McCabe and Twellman believe that the potential severity of the Karius situation could have been grasped with better procedures. “In the biggest game in club football, it is alarming to hear that a player has played nearly half a match with a potential concussion,” said McCabe.

“It strikes me as hard to believe nobody spotted it at the time, when he was showing the referee he had been elbowed. What were the assistant referees’ behind the goal doing?”

Twellman said that it underlined the urgent need for video technology to help medics during games. “If you had an independent doctor with access to all those cameras you can make a more educated decision,” said Twellman. “The reality is he got hit in the head. It’s fact. Sergio Ramos should have been red-carded and Karius should have come off the field.”

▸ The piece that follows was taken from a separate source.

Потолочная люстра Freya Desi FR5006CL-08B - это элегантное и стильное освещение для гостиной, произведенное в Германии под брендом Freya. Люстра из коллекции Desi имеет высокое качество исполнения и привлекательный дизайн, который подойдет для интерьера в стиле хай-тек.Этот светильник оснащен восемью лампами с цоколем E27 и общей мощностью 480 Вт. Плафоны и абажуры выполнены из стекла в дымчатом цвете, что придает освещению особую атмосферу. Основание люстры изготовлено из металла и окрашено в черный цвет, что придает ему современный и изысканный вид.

Ramos, with whom Mohamed Salah also tangled before being forced off with a shoulder injury, remained unrepentant on Tuesday. "I am only missing Roberto Firmino saying he got a cold because a drop of my sweat landed on him," said Ramos. "Bloody hell, they have given this Salah thing a lot of attention. He could have played if he got an injection for the second half. After that the goalkeeper says I dazed him.”

Uefa are currently reviewing their concussion protocols and, after a rule change by the International Football Association Board, are planning to allow video footage in technical areas.

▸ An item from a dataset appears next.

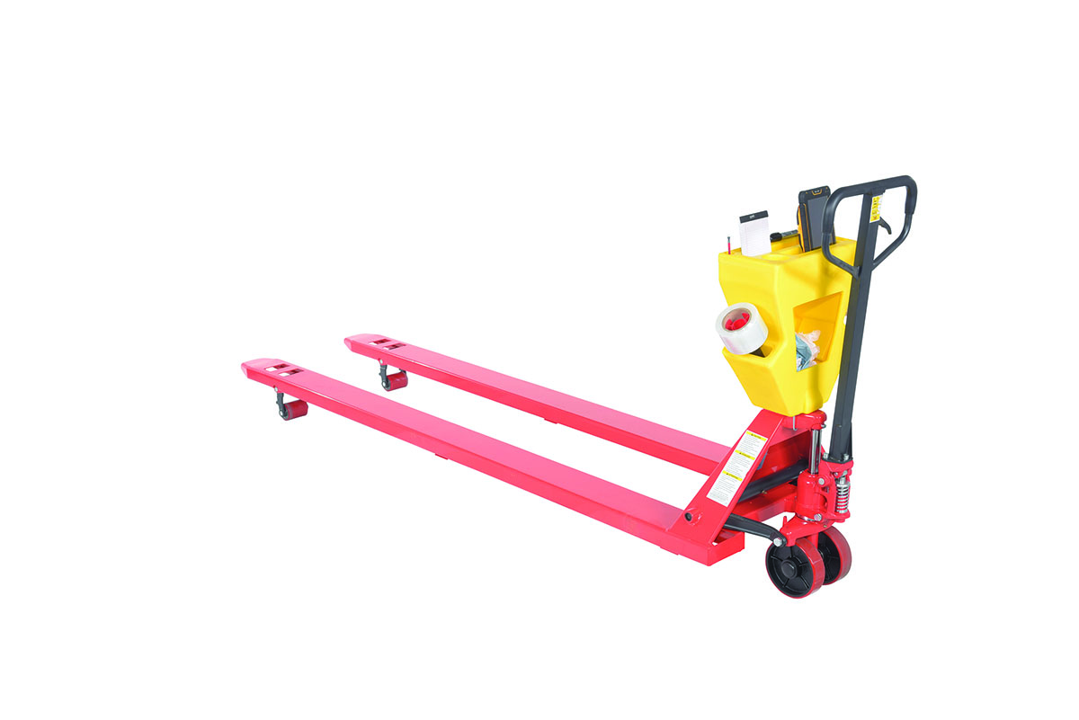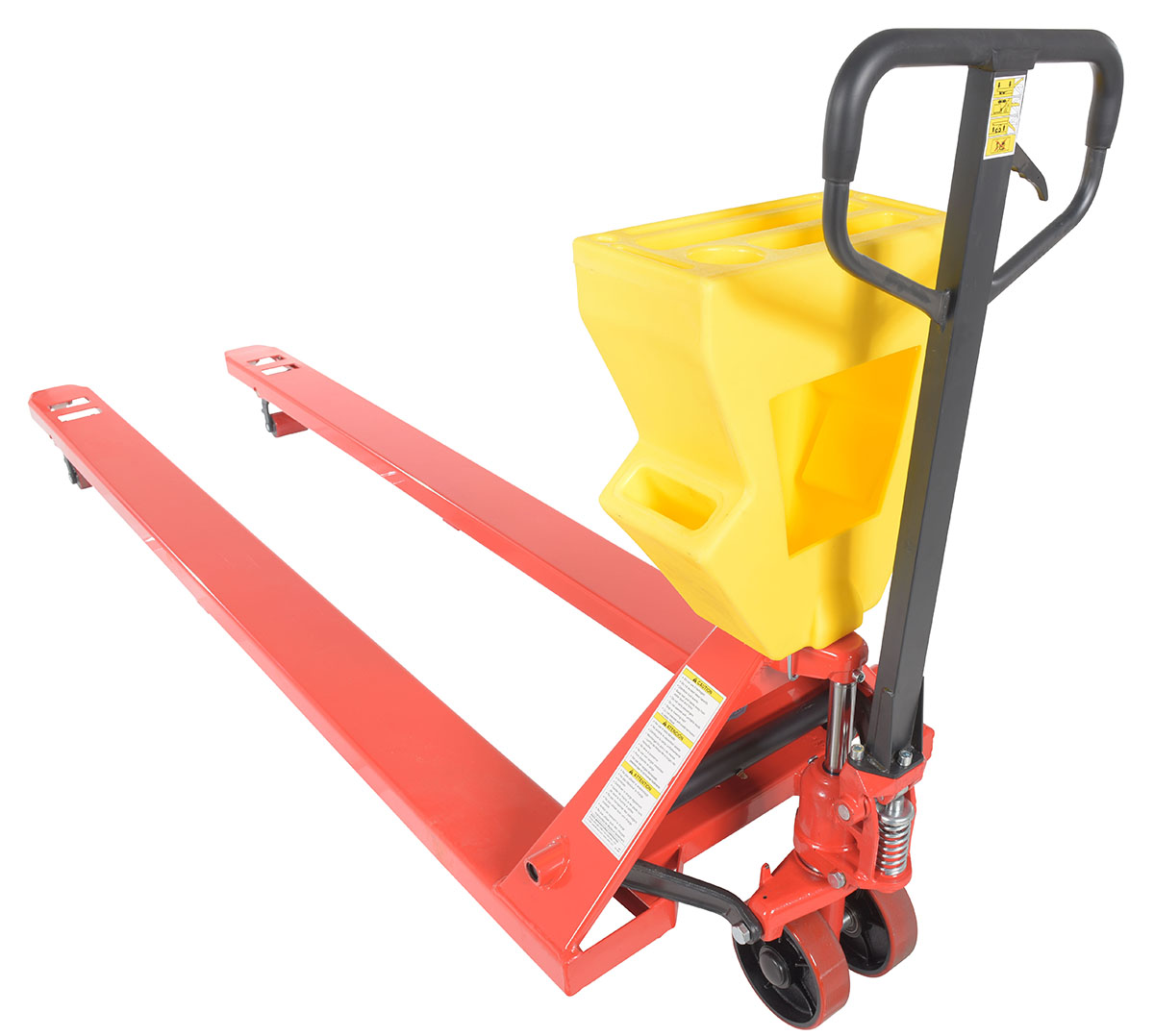 Steel/Plastic Pallet Truck 109-3/16 In. x 27 In. x 48 In. 4000 Lb. Capacity Red with Yellow P-CaddyA pallet truck with a storage caddy is the perfect bundle of two innovative products. The pallet truck has an ergonomically friendly design with a limited pulling force required, while the caddy allows the user to be more organized and efficient. With a strong powder coated steel construction, the pallet truck moves easily between areas. Nose wheels are located on the front edge of each fork to assist in clean pallet entrance and exit. A molded plastic design allows the caddy to be durable throughout consistent daily use. Installation hardware and instructions included.

The Premier League and the Football Association introduced a new ‘If In Doubt, Sit Them Out’ concussion protocol in 2015. There is an additional independent touchline doctor to assist club medics at every game but final decisions rest with club staff. Video technology is frequently used but not mandatory.

In American Football, there is an unaffiliated neurotrauma consultant on each sideline during a game to assist in diagnosing concussion injuries, as well as a certified athletic trainer studying video monitors from the press box.

Twellman, whose own career in Major League Soccer was ended at the age of 28, described football’s various protocols as “eye-candy”. He said: “They don’t truly care. It says it all that, after the World Cup final in 2014, when Cristoph Kramer did not know where he was but played on for 14 minutes, we are no further on. The governing bodies don’t take it seriously enough.”

Headway want to work with football to improve guidelines.

“The independent doctor makes perfect sense,” said McCabe. “Concussion substitutes would also be an entirely sensible way forward. You could bring a player in and the team would not be disadvantaged while they made the assessment. It is common sense.”